Pluto Through Stained Glass: A Movie from the Edge of the Solar System. This colorful movie drifting across Pluto by was recorded by New Horizons’ LEISA infrared imaging spectrometer during the July 14 closest approach. The movie has been sped up approximately 17 times from its raw frame rate, and the infrared colors that LEISA sees have been translated into visual colors. Credits: NASA/JHUAPL/SwRI/Alex Parker
The animation shown here is one such movie collected by New Horizons during its flyby of Pluto. Each pixel is colored to show the relative wavelength of light that each pixel was allowed to see by LEISA’s linear filter. However, since LEISA sees in infrared light, the colors LEISA can see have been re-mapped for this video onto the human visual spectrum — the rainbow. The video has been sped up from its raw frame rate to show the motion smoothly.
In this animation, Pluto drifts by outside the spacecraft as New Horizons scans LEISA across the surface. As Pluto slides beneath the camera, you can see it nod back and forth from the top of the frame to the bottom — these changes in direction are due to New Horizons thrusters firing during the recording of the movie.
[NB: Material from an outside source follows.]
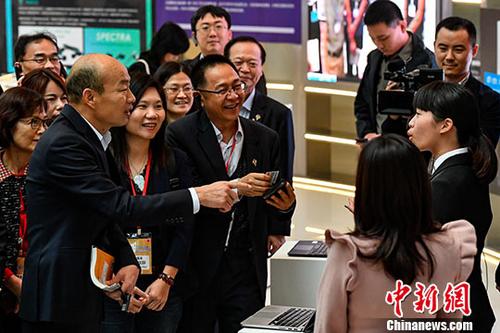 资料图:3月24日,高雄市市长韩国瑜到访深圳。图为韩国瑜与在深圳前海深港青年梦工厂工作的台湾年轻人交流。中新社记者 陈骥旻 摄

This is what you would have actually seen if you were on board the New Horizons spacecraft on July 14, looking out at Pluto through a stained glass window with infrared eyes.
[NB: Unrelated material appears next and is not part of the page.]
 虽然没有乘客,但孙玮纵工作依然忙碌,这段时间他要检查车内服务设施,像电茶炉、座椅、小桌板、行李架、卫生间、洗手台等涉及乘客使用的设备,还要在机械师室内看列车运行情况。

The composition of Pluto makes itself apparent in the animation. Dark bands top-to-bottom correspond to absorption by specific chemicals on the surface of Pluto; many of the bands visible in this view are due to absorption from solid methane ice. However, as some terrains slide by, you can see that they do not become dark under those bands like other terrains; in these areas, the chemical responsible for that absorption is absent.
The discovery of water ice on Pluto was made using the data in this movie. The discovery of ammonia ice within the informally-named Organa crater was made using data from a similar movie of Charon. The New Horizons composition team is busy analyzing these and other movies taken by the LEISA instrument in order to further understand what the surface of Pluto and Charon are made of and how they might be changing with time.
But please — just take a moment and imagine you were on board our little robotic emissary to the farthest worlds ever explored, watching Pluto come into view through a colorful window on the side of the spacecraft. Sure, it might not be in HD, but I promise that you’ve never seen anything like this before!